In August 2010, the MV Sun Sea arrived in Vancouver carrying 492 Tamil refugees fleeing post-war Sri Lanka. All on board were immediately detained upon arrival in Canada. Nearly a year later, 19 are still in jail. Their mass imprisonment came on the heels of the detention of 76 Tamil refugees who arrived in October 2009 aboard the leaking Ocean Lady. The Conservative government had then insisted that all the refugees on board were terrorists. It would be fully six months before the government would admit that it never had any evidence to substantiate those claims.
By then, however, it was too late: anti-Tamil and anti-refugee hysteria had spread like wildfire. The MV Sun Sea arrived mere weeks after the most tepid of mea culpas from the government for its wilful mistreatment and misrepresentation of the Ocean Lady refugees. Yet the new wave of hysteria that greeted the recent arrivals was arguably worse than the first. Whereas the Conservatives had previously focused their attentions on individual boats, they have now undertaken an aggressive campaign to systemically undercut protections afforded to all refugees.

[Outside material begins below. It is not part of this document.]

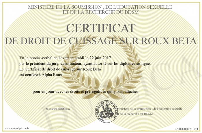 Envoyez par email votre Certificat de droit de cuissage sur Roux Beta personalisé

Bill C-49 has been central to this campaign of fearmongering. Modelled off Australian immigration laws that Australia’s own High Court has overturned, the proposed legislation mandates the detention of refugees who arrive in Canada by means the minister considers “irregular” – primarily, by boat. The bill directly contravenes several of Canada’s domestic and international obligations and has attracted the attention of Amnesty International.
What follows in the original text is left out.